With the possibility of the Ebola virus going viral and with close to 100% of the US population of 340M being susceptible to contracting that virus, the results could be catastrophic. The CDC $ WHO calculated a third world country mortality rate at 50% for this virus in West Africa. Developed countries would fare much better at maybe something around 25%. Even at a mortality rate of only 10% the US could lose up to 35M people or more to this disease.

The medical / healthcare industry and the US government would be quickly become overloaded and ineffectual. Commerce [financial transportation produce energy industries] could slow down considerably, become intermittent, or come to a complete standstill. If infected or not, most in this country would have to find a way to survive on their own. Once this very dangerous Ebola virus goes viral and out of control the results will be devastating to many millions of Americans on all fronts.

Billy
Billy
October 15, 2014 11:26 pm

MIA

Okay, HOW did the WHO and CDC calculate that we’d have a much better survival rate? Because we have flush toilets and running water?

Ebola is supposed to behave differently because it’s in the US? It knows to play nice and not kill half of everyone who gets it? The science doesn’t change because it’s here and not in West Africa…

Best of my knowledge, 50% of everyone who gets it will die horribly despite the treatment they receive. That is, unless they get that shot of Unobtanium that’s super difficult to make and takes forever…

Sorry…

Iska Waran
Iska Waran
October 16, 2014 12:06 am

Seems to me we have a lot in our favor compared to Guinea, Sierra Leon & Liberia.
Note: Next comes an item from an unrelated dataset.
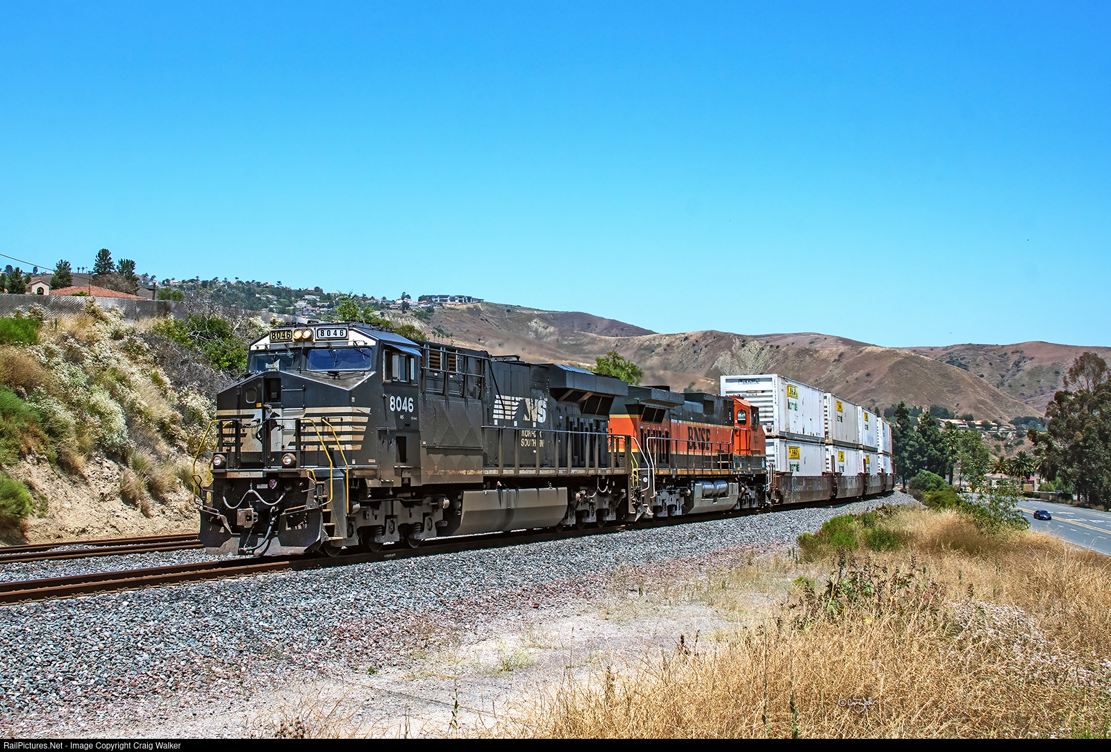 BNSF Railway Guaranteed Service Intermodal train Q-ATGLAC6-23A, heading from Atlanta, Georgia, to Los Angeles, isn’t very long this day, warranting only two diesels. But with a Norfolk Southern diesel up front (ES44AC 8046), teamed with BNSF Dash 9-44CW 1021 in the original scheme from 1996, the train is worth a second look. And a photo! (Yorba Linda, California – June 27, 2023)

We have flush toilets and (so far) easy access to the internet, clean water & bleach, etc. Most notably, even most of the dumbest people here have at least a rudimentary understanding of germ theory – that little things you can’t see can kill you, that you might need to wash your hands with bleach and you’re probably not going to get sick because your neighbor put a curse on you. On the other hand…most of our food is trucked across country and/or flown across the world (after having been picked by god-knows-who), our world-class medical care could easily be swamped (especially as nurses & doctors are dropping dead) and we have 1/4 million people per day who go careening though the sky across the country in metal tubes, potentially spreading it at lightning speed – versus rural Liberia where transportation is rudimentary. Bottom line to me is that Billy is right – we don’t really know whether our superior technology will keep us safer or just spread the virus more quickly.

Albrecht
Albrecht
October 16, 2014 7:43 am

The only thing funny about this monologue is the way Stewart never mentions the fact that “Ebola Man” should never have been allowed entry in the first place. News outlets are stupid for wondering how the nurse got it? How about the fact that virtually our entire government/media complex are pretending that banning travel from Ebola-affected regions is somehow unthinkable? Forget that. Just go for the Ebola jokes. Funny!